▶ **RECORDS FOR THE EXERCISE**
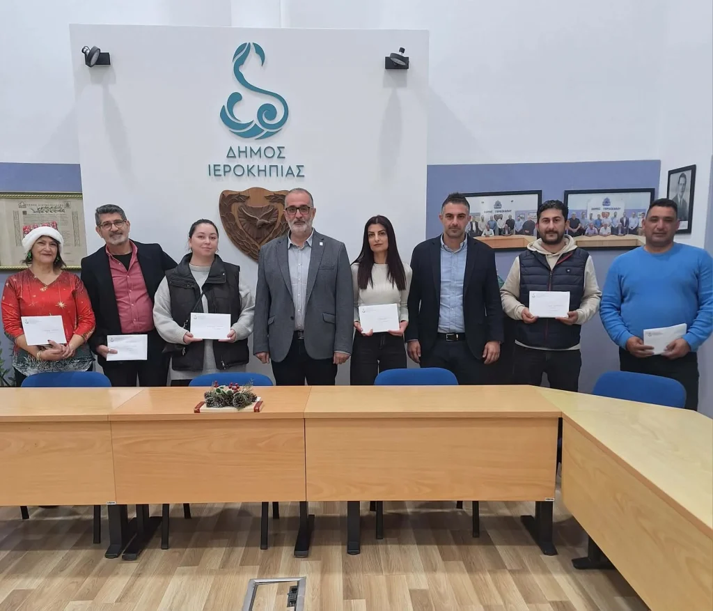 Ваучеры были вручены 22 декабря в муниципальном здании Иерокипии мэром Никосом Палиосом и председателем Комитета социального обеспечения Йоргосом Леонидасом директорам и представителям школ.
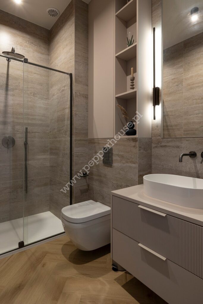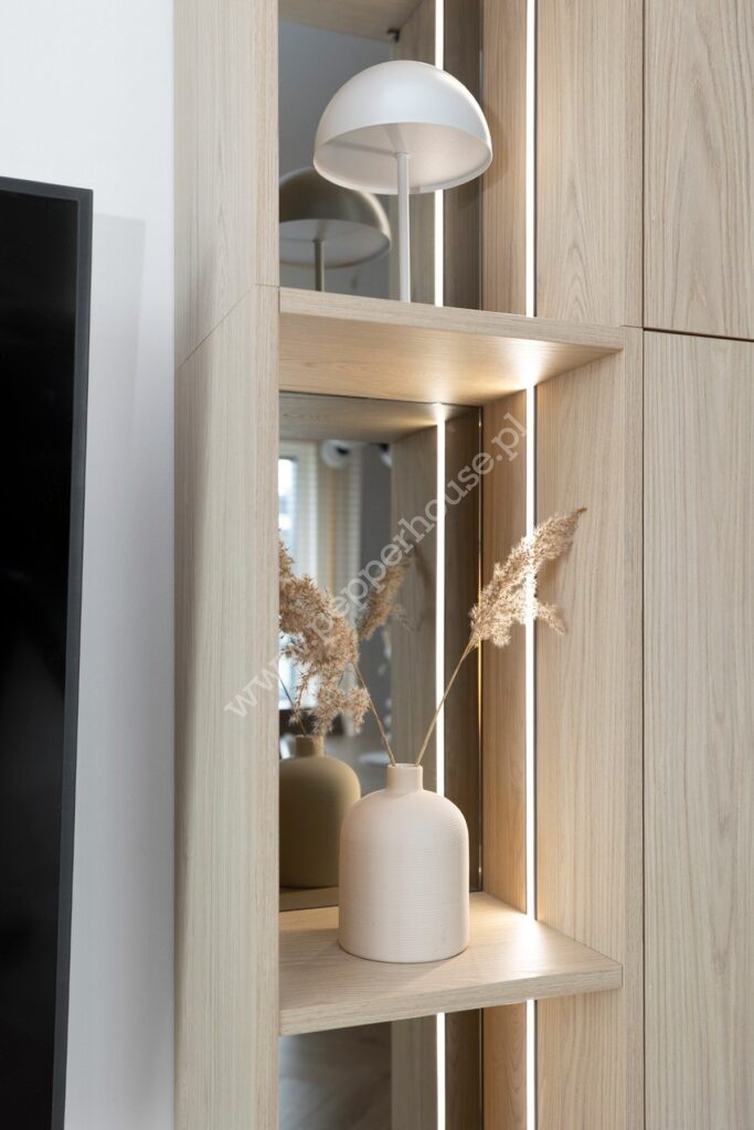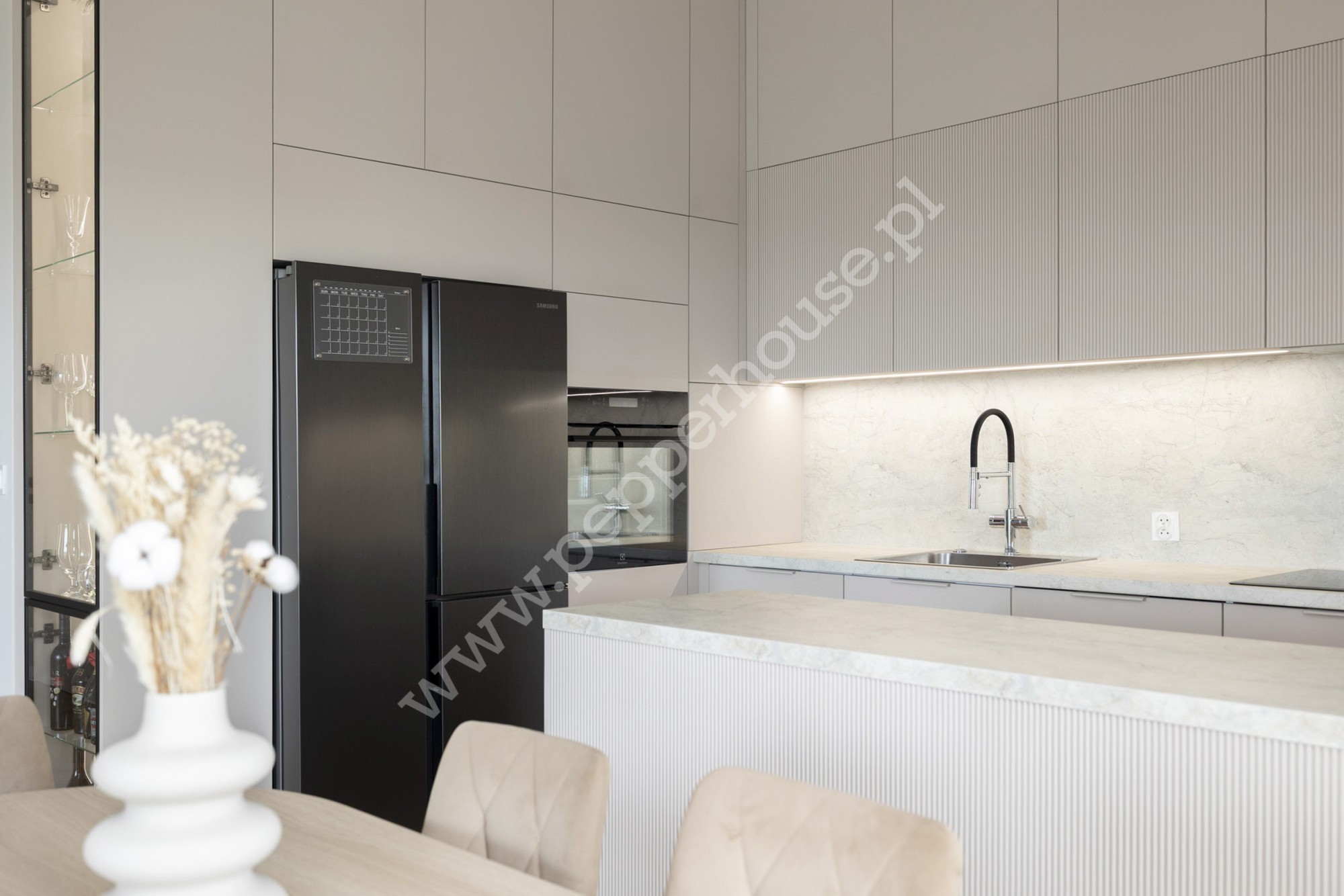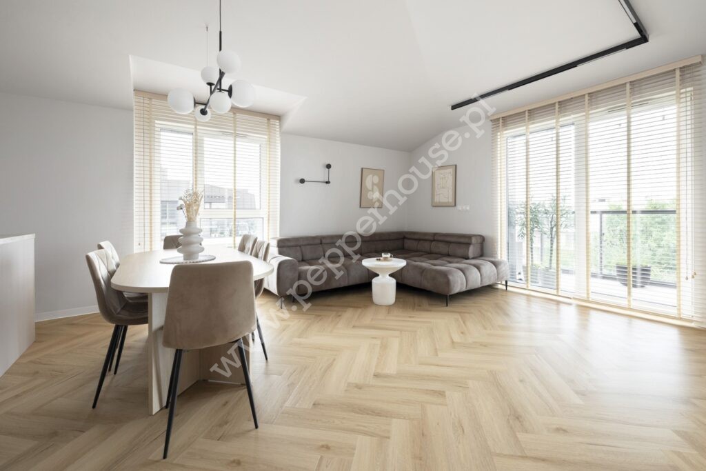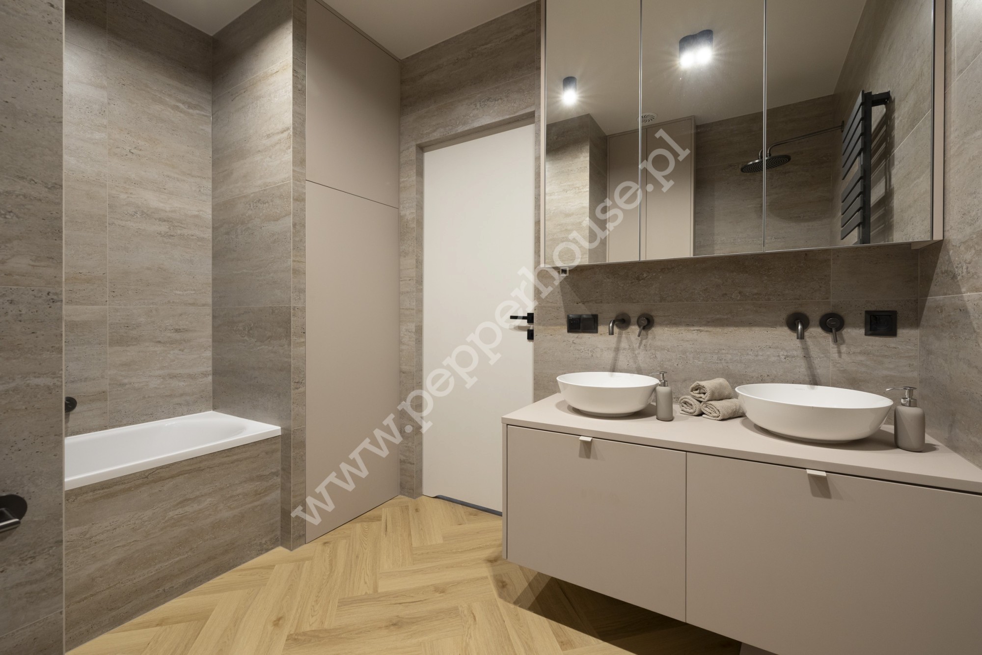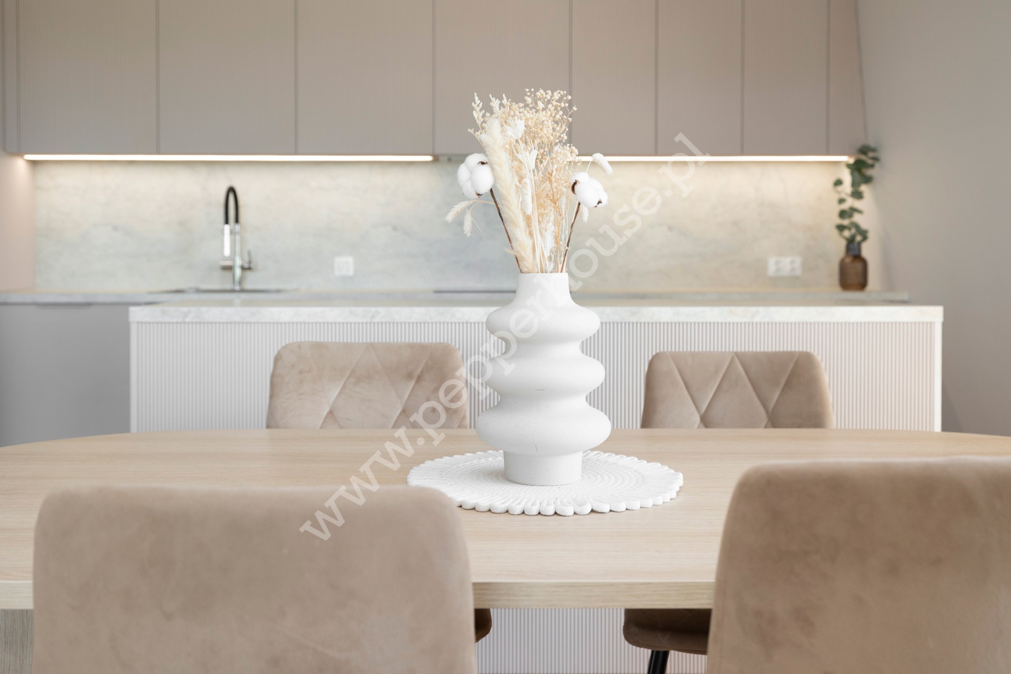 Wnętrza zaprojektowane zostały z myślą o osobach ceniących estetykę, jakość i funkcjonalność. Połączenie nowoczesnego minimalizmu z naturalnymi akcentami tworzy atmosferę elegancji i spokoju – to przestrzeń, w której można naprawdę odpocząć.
* * *
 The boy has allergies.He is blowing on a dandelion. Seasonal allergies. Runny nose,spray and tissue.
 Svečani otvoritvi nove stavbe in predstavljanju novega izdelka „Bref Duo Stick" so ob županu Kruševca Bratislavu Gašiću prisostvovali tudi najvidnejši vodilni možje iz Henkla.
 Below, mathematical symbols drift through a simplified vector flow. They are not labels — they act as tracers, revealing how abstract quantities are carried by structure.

▶ **TASK BRIEF**
Taking the material above, extract exactly and only the lines from the line with "The boy has" to the line with "Below, mathematical symbols", inclusive of both.

▶ **OUTPUT**
 The boy has allergies.He is blowing on a dandelion. Seasonal allergies. Runny nose,spray and tissue.
 Svečani otvoritvi nove stavbe in predstavljanju novega izdelka „Bref Duo Stick" so ob županu Kruševca Bratislavu Gašiću prisostvovali tudi najvidnejši vodilni možje iz Henkla.
 Below, mathematical symbols drift through a simplified vector flow. They are not labels — they act as tracers, revealing how abstract quantities are carried by structure.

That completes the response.